As Simon Phillips as usual, no all jokes aside ,the kit sounded very well i must say. Im not a big fan of the sound personally, but for what he does it sounds great. i must say that the 15,16 and 18 toms sound very deep although he useses remo ambassadors. The towel in de bass drum, i copied that ages ago and still use it as Simon does.
 
Clear ambass on the mammoth kit open tuning...it's like one of the most dynamic and loudest options possible. Put it with Simon's concept and technique, brilliant...most others would be lost.
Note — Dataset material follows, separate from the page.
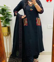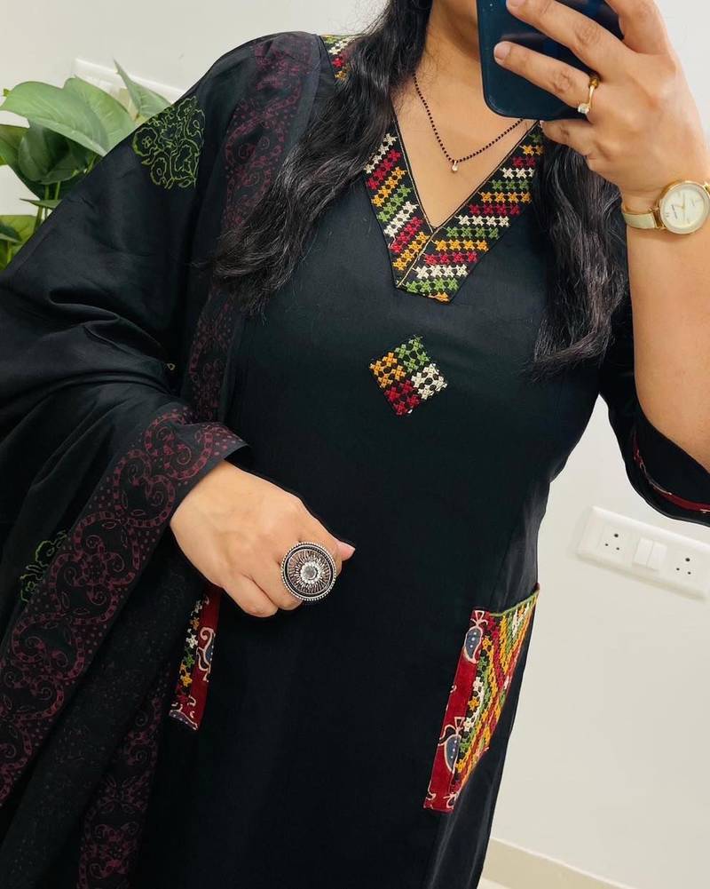 | Product Name | Floral Embroidered Black V Neck Pure Cotton Kurta Set With Trouser & Dupatta | |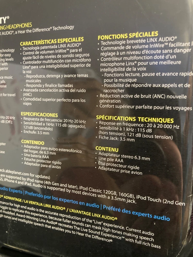 Experience high-quality sound with the Able Planet True Fidelity Active Noise Canceling Headphones. These ear-cup headphones have a double earpiece to provide a more immersive audio experience. The Linx Audio model is designed with a sleek silver and black color theme that is perfect for any style. These headphones have a wired connectivity option with a 3.5mm jack for easy attachment to your favorite devices. (compatible with iPod, iPad, older model iPhones, Smart Phones with a jack insert, laptops) Great for kids and their devices like LeapFrog, etc! The active noise cancellation feature eliminates distractions and allows you to enjoy your music without any external noise. Get ready to enjoy your travel experience with these comfortable and stylish headphones.

Here is Thomas taking a crack at it 1 min in.

 
" his Left arm hasn't fallen off yet!"
 
As Simon Phillips as usual, no all jokes aside ,the kit sounded very well i must say. Im not a big fan of the sound personally, but for what he does it sounds great. i must say that the 15,16 and 18 toms sound very deep although he useses remo ambassadors. The towel in de bass drum, i copied that ages ago and still use it as Simon does.
I love his open, non-dampened sound. Same with Billy Cobham’s sound. No muffling/dampening on the toms for a clean, true sound. However, in a recording situation all that sympathetic resonance can make the kit sound muddy without proper gating on the tom mics. I‘ve gone all across the spectrum, from wide open to heavily dampened and am amazed at what pro audio engineers can do with a kit like Simon’s.
 
I love his open, non-dampened sound. Same with Billy Cobham’s sound. No muffling/dampening on the toms for a clean, true sound. However, in a recording situation all that sympathetic resonance can make the kit sound muddy without proper gating on the tom mics. I‘ve gone all across the spectrum, from wide open to heavily dampened and am amazed at what pro audio engineers can do with a kit like Simon’s.
I recall Simon making the comment that his snare sound is coming from the sympathetic sound and reflection of everything that surrounds it. So making overdubs on snare without the kit isn't even feasible nor sounds as big.

Simon being an audio engineer himself has perfected it, probably approaches more like a piano or an orchestra as a singular unit. I can just imagine some anal engineer trying to isolate each component of Simons and put their spin to 'control' it...probably destroying his life's work in the turn of the knob. I'd say, just play 'Simon says...' here let him do what he does at his direction.
 
Simon making the comment that his snare sound is coming from the sympathetic sound and reflection of everything that surrounds it.
I saw that video and totally get it.
 
He proves the saying "Pros practise until they can't get it wrong" at 1:15 in the above :)
That was great! At first, i thought "big deal, he's swapping out sticks" because I watched it on crappy computer speakers at work. Then I came home and watched the whole thing with headphones.
So, for those that don't listen through headphones or a quality system, at 1:21 when he pitches the stick over his shoulder with his left hand, it hits the floor in absolute perfect time.........surprising even himself.